Editorial: Beware China’s ‘Basing’ Strategy - Former US Navy Chief

By Prashanth Parameswaran

Admiral Gary Roughead issues a warning about Beijing’s growing network of ‘places.’

China is developing a widening network of strategic ‘bases’ that further heightens the challenge it poses to the United States, a former U.S. naval chief told a conference Tuesday.

Beijing has already sought to secure access and rights in strategic countries to boost its influence and support its naval forces as it deploys them further out for patrols in the Indian Ocean or anti-piracy operations in the Horn of Africa. These include ports in Oman, Pakistan and Djibouti.

But Admiral Gary Roughead, the former Chief of Naval Operations, told a two-day conference at the Center for Naval Analyses that Beijing may be looking to expand its network of distributed, critical outposts across regions for various functions including projecting power, establishing necessary supporting infrastructure and gathering intelligence.
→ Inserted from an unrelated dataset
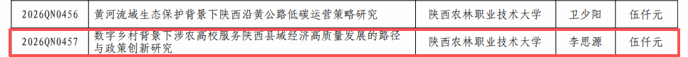 近日,陕西省社会科学界联合会公布了2026年度陕西省哲学社会科学研究专项一般项目、青年项目立项结果。马克思主义学院青年教师李思源主持的《数字乡村背景下涉农高校服务陕西县域经济高质量发展的路径与政策创新研究》获批青年项目立项。
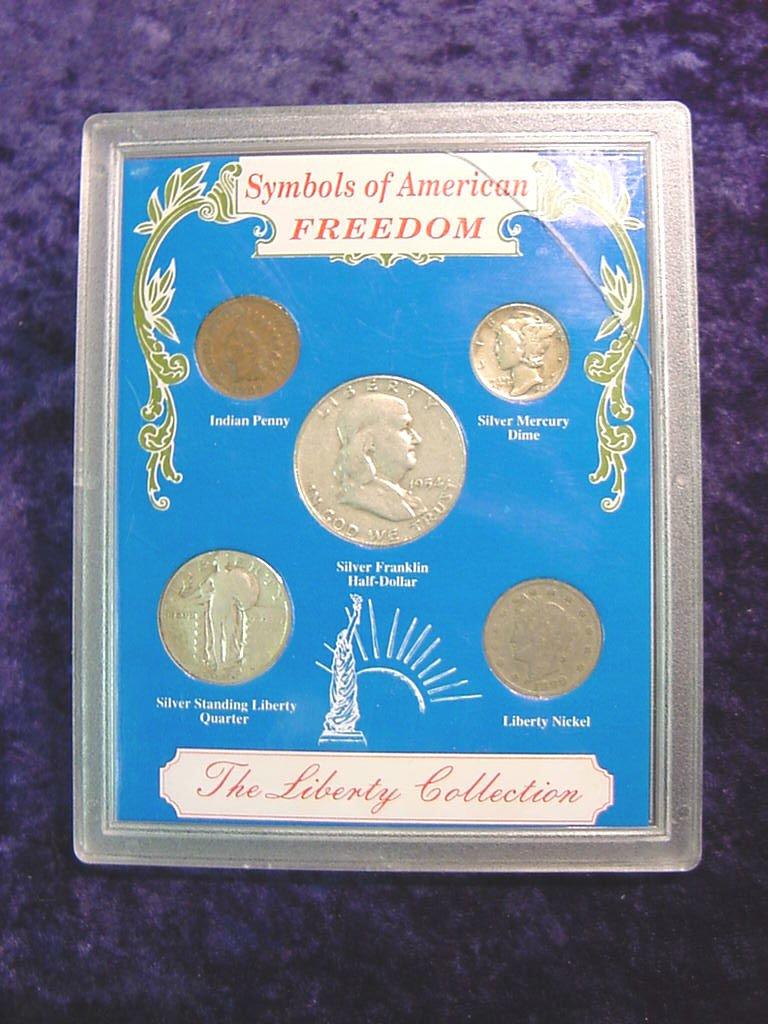 Symbols of American Freedom Set. Indian Cent" Liberty Nickel Mercury Dime Standing Quarter and Franklin Half.

New nodes, Roughead said, may include Greece to establish a foothold in the energy-rich Eastern Meditteranean and even Iran which already has a burgeoning maritime partnership with Beijing.

“We are beginning to see the Chinese version of ‘places not bases’,” Roughead said in his keynote address, using the term U.S. officials use to distinguish between older, tighter agreements it had with allies like Japan to permanently station forces there and looser pacts offering temporary and limited access to facilities as with Singapore.